Мгновение спустя всадник исчез, а когда полный диск поднялся и залил равнину потоком бледного света, свет заиграл на линиях блестящей стали, сверкая тысячами точек, как рябь на залитом лунным светом море. Это был авангард крестоносцев, и, как я узнал следующим утром, во главе его ехал сам король Львиное Сердце.
Сверкающие линии шли ярким упорядоченным массивом, как на турнирном поле или на плацу, а не во враждебной стране в непосредственной близости от огромного войска, возглавляемого таким искусным вождем, как Саладин. Из этого я понял, что Ричард понял мое послание, хотя, без сомнения, немало удивился ему, так как до сих пор он ничего не знал ни обо мне, ни о моем отряде, кроме донесения о некоей банде вольных вояк, пришедших с далекого севера, несомненно, в поисках не более высокой награды, чем добыча или выкуп.

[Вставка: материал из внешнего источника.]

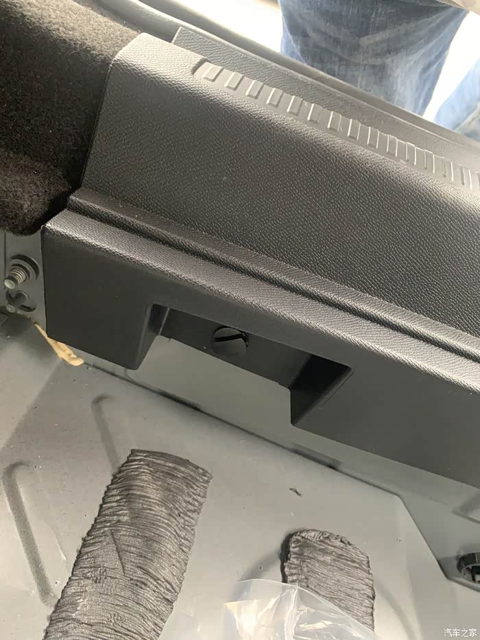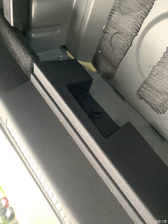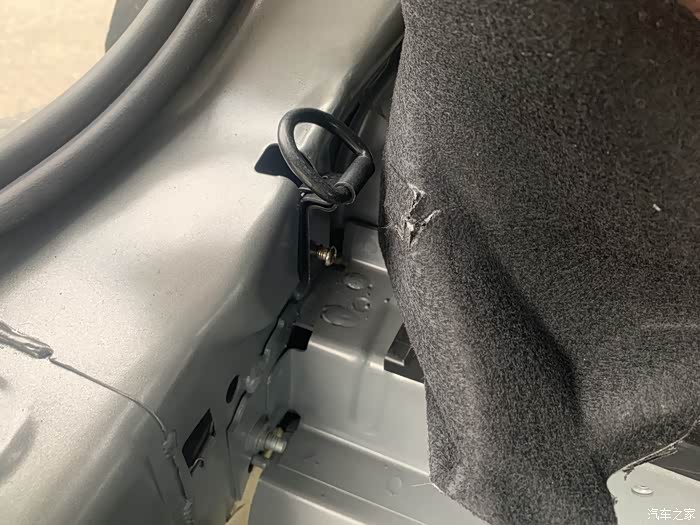 然后拨开毛毡就可以看到,原车预留的锚环安装位置,螺丝口也是预留的,螺丝需要一颗0.5厘米直径的,锚环上有个凸出的卡口,卡到原车锚环预留处,柠上螺丝,把锚环从毛毡口整出来。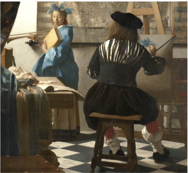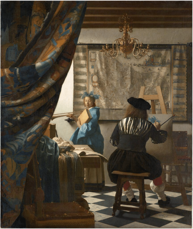 First, consider the composition and the setting. Check out the tapestry hanging along the left side of the painting. It’s been drawn aside like the curtain in a theater. This does more than beckon our attention into the work; its reference to theater and drama subtly announces that this is no randomly observed domestic setting but a carefully composed “stage,” a tableau laden with story and meaning(s). What’s more, the meaning relates to the creative arts, for this is The Art of Painting, also called The Allegory of Painting and The Painter in his Studio, and it is packed with carefully chosen evocative details.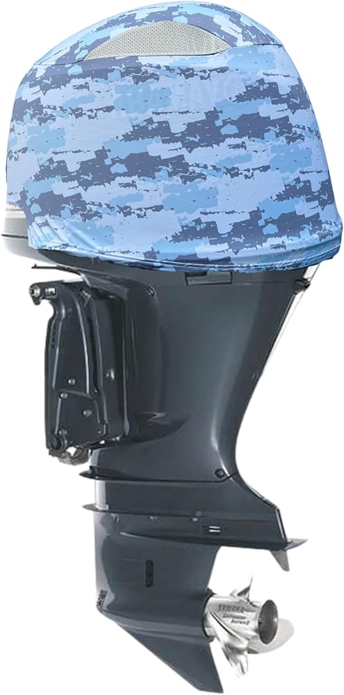 OUTERENVY specialized outboard motor covers are the most exciting new product in the outboard market today. The Blue Digital Camo cover is printed in full spectrum color and is completely breathable and remains installed while operating the engine in all conditions providing more than just added protection for your boat's motor, they look stunning as well! Instead of hiding your outboard in an old bulky style canvas cover, showcase those stylish lines and contours with an OUTERENVY Custom Fit Breathable Vented Motor Cover in Sizes to Fit Yamaha, Mercury and Suzuki Outboards.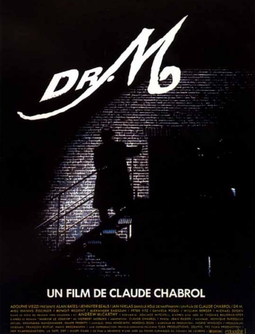 When the centenary year of Lang’s birthday came around, Chabrol decided to pay tribute to his cinematic idol with a futurist-Metropolis spin to Fritz Lang’s 1922 silent, two-part mystery-masterpiece, Dr. Mabuse: The Great Gambler and Inferno*. Most likely—with a cast featuring Jennifer Beals of Flashdance fame (as Sonja Vogler) and Andrew McCarthy (as an “assassin”; his appearance, so brief, it doesn’t warrant his top-billing)—this admittedly low-budget yet engrossing film (titled Dr. M throughout Europe) was criminally slapped with a hackneyed, U.S. teen-slasher title due to its American-based stars: Club Extinction, for its domestic home video bow.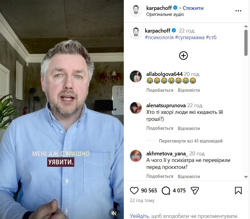Ситуація набула розголосу після того, як на неї відреагував психолог та ведучий шоу «Супермама» Дмитро Карпачов. У своєму Instagram він офіційно заявив, що Діана Поліщук ніколи не була учасницею проєкту, а весь контент був створений виключно задля виманювання коштів у довірливих підписників. Ведучий закликав аудиторію бути обачними та не перераховувати гроші шахраям, які спекулюють на популярності телешоу.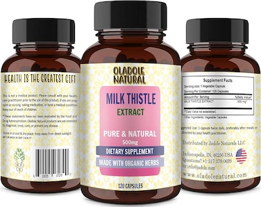 Oladole Natural Milk Thistle, Promotes Liver Health, 500 mg Per Capsule, 120 Count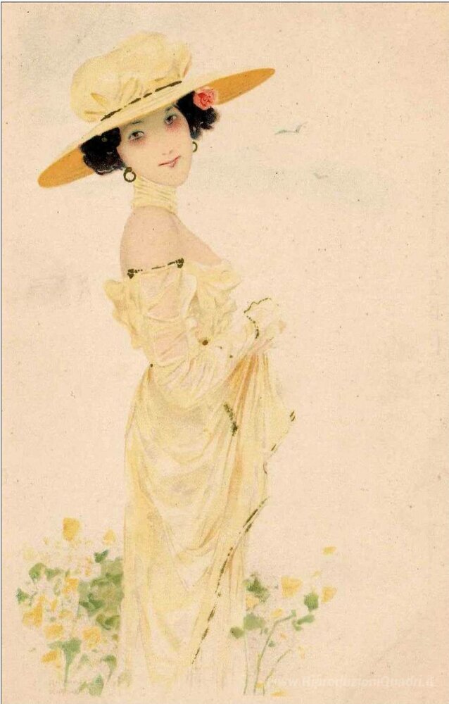 Benvenuti nella nostra selezione esclusiva di dipinti a olio italiani, dove l'arte si fonde con l'eleganza e la tradizione. Oggi vi presentiamo Moderna Ragazze, un'opera straordinaria dell'artista austriaco Raphael Kirchner, noto per il suo stile distintivo che unisce influenze classiche e modernismo. Kirchner, affermatosi nel panorama artistico del XX secolo, ha saputo catturare la bellezza femminile attraverso una palette di colori vivaci e una tecnica raffinata, rendendo ogni suo dipinto un'esperienza visiva indimenticabile.

Когда они добрались до середины равнины, все еще непринужденно двигаясь свободным, открытым строем, как будто думая о чем угодно, но не о мрачном деле войны, по всей линии восточных холмов без предупреждения разразился тот длинный, пронзительный боевой клич ислама, который был так хорошо мне знаком, и с холмов покатилась быстроногая конница Саладина, волна за волной бесчисленными рядами, пока я не подумал, что этот могучий поток никогда не закончится. Словно бушующий океан, выплеснувшийся на берег, они катились яростной волной ненависти и отваги по узкой равнине.